The director Terence Davies’ last film featuring Jack Lowden and Peter Capaldi as Siegfried Sassoon. The timeline of Davies’ biopic is, perhaps, deliberate but given that Sassoon lived at Heytesbury House from 1933 until his death in 1967 it is oddly substituted for wisteria suburbia.

George, who apparently loved a bit of 60s rock, lived with his parents despite not doing so not least because his mother had long since moved to Lochbuie, Isle of Mull.
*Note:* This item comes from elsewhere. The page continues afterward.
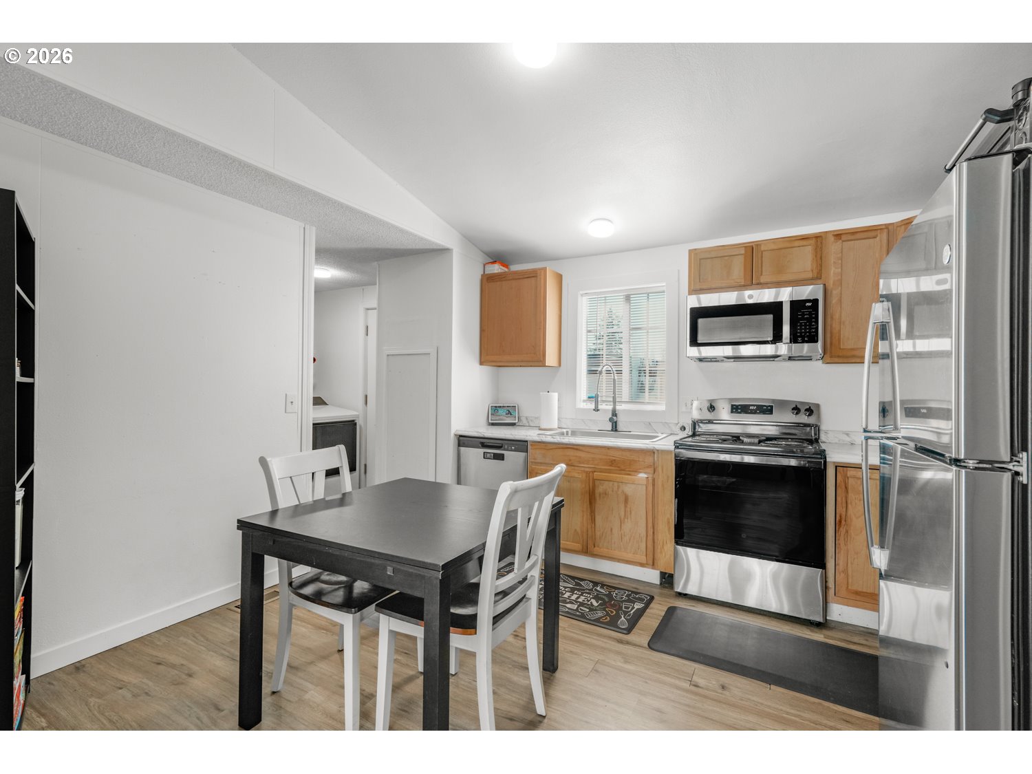 Move-in ready and beautifully maintained, this 3-bedroom, 2-bath manufactured home is tucked away on a quiet cul-de-sac in Lanterns Landing. Bright and airy throughout, the home features an open floor plan with a spacious living room highlighted by vaulted ceilings. The kitchen and dining area also offer vaulted ceilings, stainless steel appliances, and great flow for everyday living and entertaining. The large primary suite includes a walk-in closet and a private bath, while two additional bedrooms and a full guest bath provide flexibility for guests, office space, or hobbies. A convenient laundry area adds to the home’s functionality. Outside, enjoy low-maintenance outdoor space, perfect for a busy lifestyle. Ideally located just minutes from restaurants, shopping, Lewis & Clark College, and nearby nature parks with scenic hiking trails. Enjoy excellent walk and bike accessibility in this fantastic location. ***Space rent is $875/Mo. Utilities not included. All ages park.

One oddly accurate representation was the publicity shot used for the marketing. This painting from Heytesbury reflects, uncannily, the shot used of Jack Lowden. The late Terence Davies never came to Heytesbury.

 

 

1917 (2019) Film

But Steven Spielberg did come to Heytesbury. As a producer of the movie 1917 directed by Sam Mendes. Much of the action of this WW1, one take, production was filmed on Salisbury Plain. If you look again at the running sequence, during the full infantry assault, you will notice the ridges of Salisbury Plain, bright white chalk, excavated for the trench system.

The sequence involving the downed German aircraft was filmed at Heytesbury. Mr. Spielberg was accosted by a local housewife, in her dressing gown, who was idly wondering who was wandering about in her garden.

His security team invited her not to accost Mr. Spielberg and she was encouraged to retreat behind her net curtains whilst WW1 unfolded around her.

 

 

The Manna Machine Sassoon

The Manna Machine

The Manna Machine is a 1978 book by George Sassoon and Rodney Dale, based upon a translation of a section of the Zohar.

The machine was reproduced by Sassoon who was an engineer, who followed the directions given in The Ancient of Days and he claimed it created a food source of algae. This explains how the Israelites survived their forty-year journey in the Sinai Desert. It is said by Sassoon and Dale that a nuclear reactor used to power the manna machine was stored within the Ark of the Covenant.